Understanding Hyperplanes and Rescaling in Optimization

The Concept of Hyperplanes

  • The discussion begins with the minimization of the expression W^T X + P over X , leading to a maximization problem concerning W .
  • A hyperplane is defined by the equation W^T X + B = 0 . Rescaling both W and B by any positive constant does not alter the hyperplane's position.
  • This rescaling introduces a degree of freedom, allowing for multiple representations of the same hyperplane without affecting its properties.

Fixing a Scale for Simplification

  • To simplify calculations, a specific scale is chosen such that the minimum value of W^T X + P = 1 . This choice aids in managing constraints effectively.
  • The objective function becomes simpler as it reduces to maximizing or minimizing terms involving W^T W , streamlining future calculations.

Constraints and Their Implications

  • It is possible to rescale values so that certain margins are achieved, ensuring that while solutions may differ, the hyperplane remains consistent.
  • A critical insight is presented: maximizing an expression can be transformed into minimizing its reciprocal. This equivalence simplifies optimization strategies.

Equivalence of Constraints

  • The speaker claims that two sets of constraints can be expressed interchangeably. Specifically, if one set holds true, it implies validity for another set involving conditions on all data points.
  • Participants are encouraged to discuss and verify this claim about constraint equivalence among themselves.

Analyzing Margin Conditions

  • The discussion shifts towards understanding how margin conditions relate to overall constraints. If all data points satisfy certain inequalities, implications arise regarding their minimum values.
  • Clarifications are made regarding potential concerns about margins exceeding specified limits; however, it’s emphasized that minimization processes will ensure compliance with required conditions.

Understanding Quadratic Programming in Machine Learning

The Basics of Optimization and Constraints

  • The discussion begins with the concept of minimizing an objective function, specifically mentioning that dividing both W and B by ten still satisfies constraints but results in a smaller objective value, indicating it cannot be optimal.
  • It is highlighted that the problem at hand is a linear quadratic function, characterized as a parabola with linear constraints, categorizing it as a quadratic program studied extensively in mathematics.
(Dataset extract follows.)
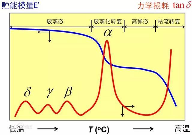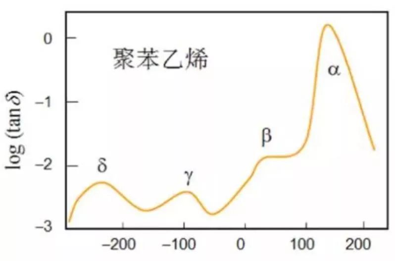 DMA采用升温扫描,由辅助环境温度升温至熔融温度,tanδ展示出一系列的峰,每个峰都会对应一个特定的松弛过程。由DMA可测出相位角tanδ、损耗模量E"与贮能模量E´随温度、频率或时间变化的曲线,不仅给出宽广的温度、频率范围的力学性能,还可以检测材料的玻璃化转变、低温转变和次级松弛过程。例如损耗峰能够代表某种单元运动的转变,图6为聚苯乙烯tg随温度变化的曲线,从图中可以推断峰可能为苯基绕主链的运动;峰可能是存在头头结构所致;峰是苯环绕与主链连接键的运动。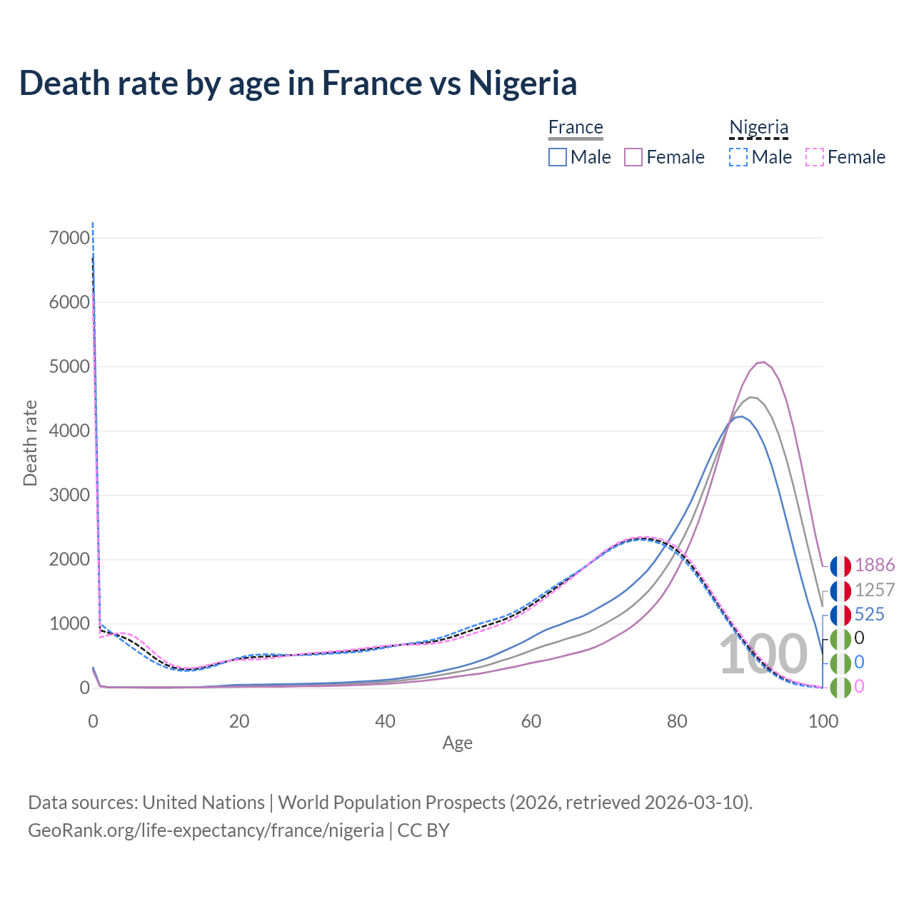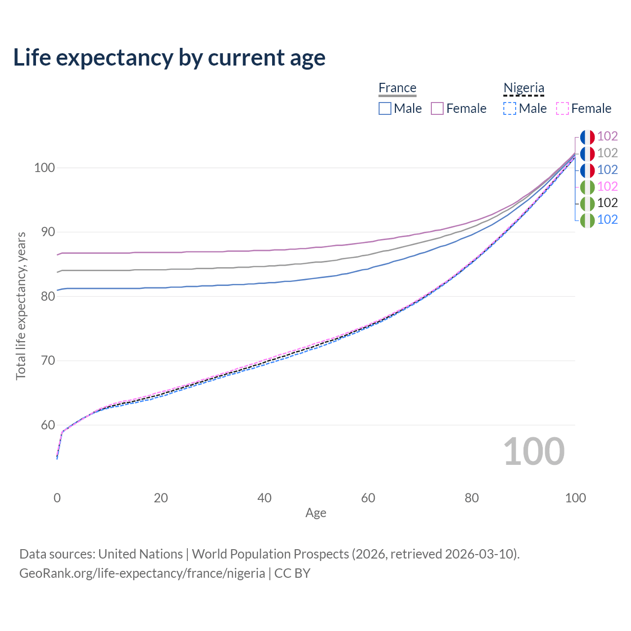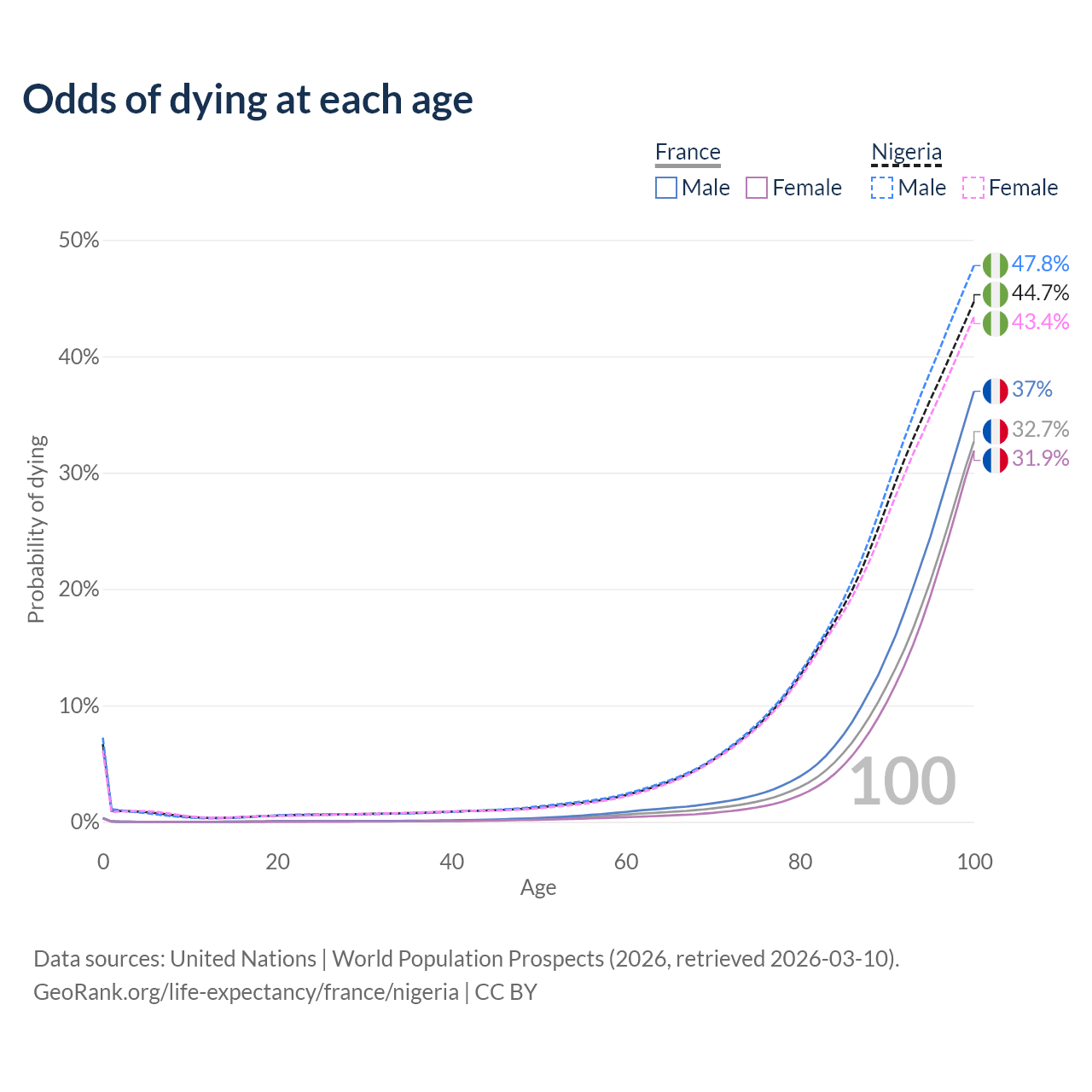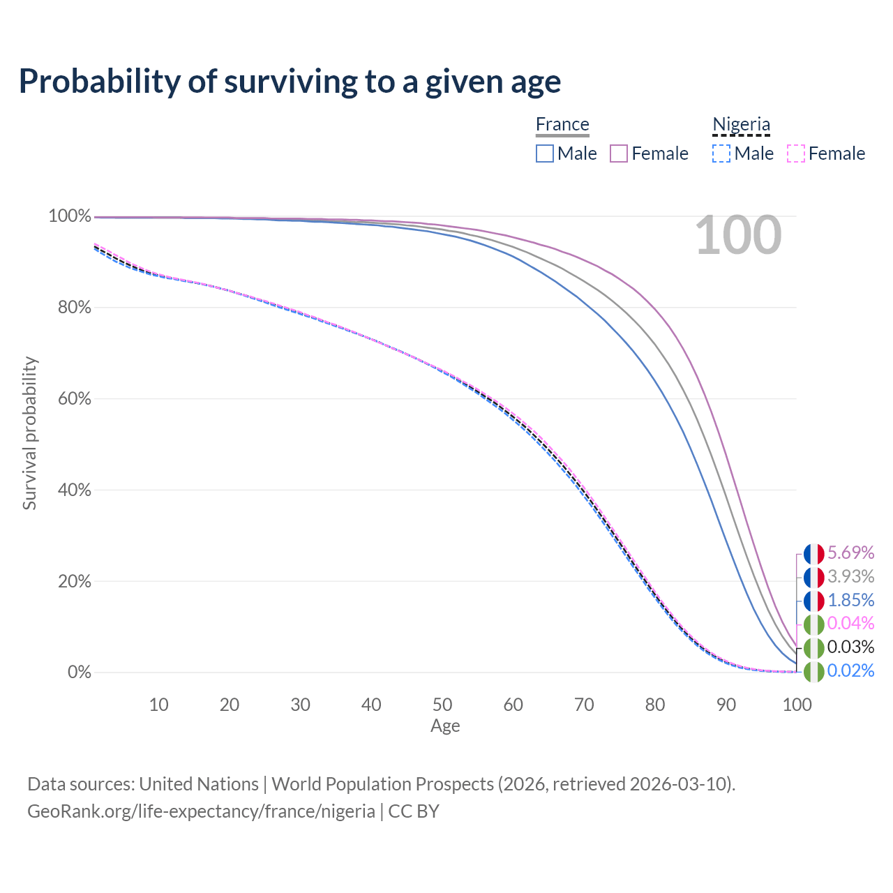This life expectancy calculator shows the odds of living to 100, 95, 90, and below based on current age for both males and females in France and Nigeria, along with mean and median age of death. The calculations are based on the 2026 life tables (actuarial tables) from the UN World Population Prospects.

Practical Application of Quadratic Programming

  • A demo is introduced to illustrate the application of quadratic programming in machine learning. The speaker acknowledges previous skepticism about the demo's authenticity but confirms its relevance.
  • The speaker creates a dataset with linearly separable data points and runs an SVM (Support Vector Machine) solver to find the hyperplane that maximizes margin between classes.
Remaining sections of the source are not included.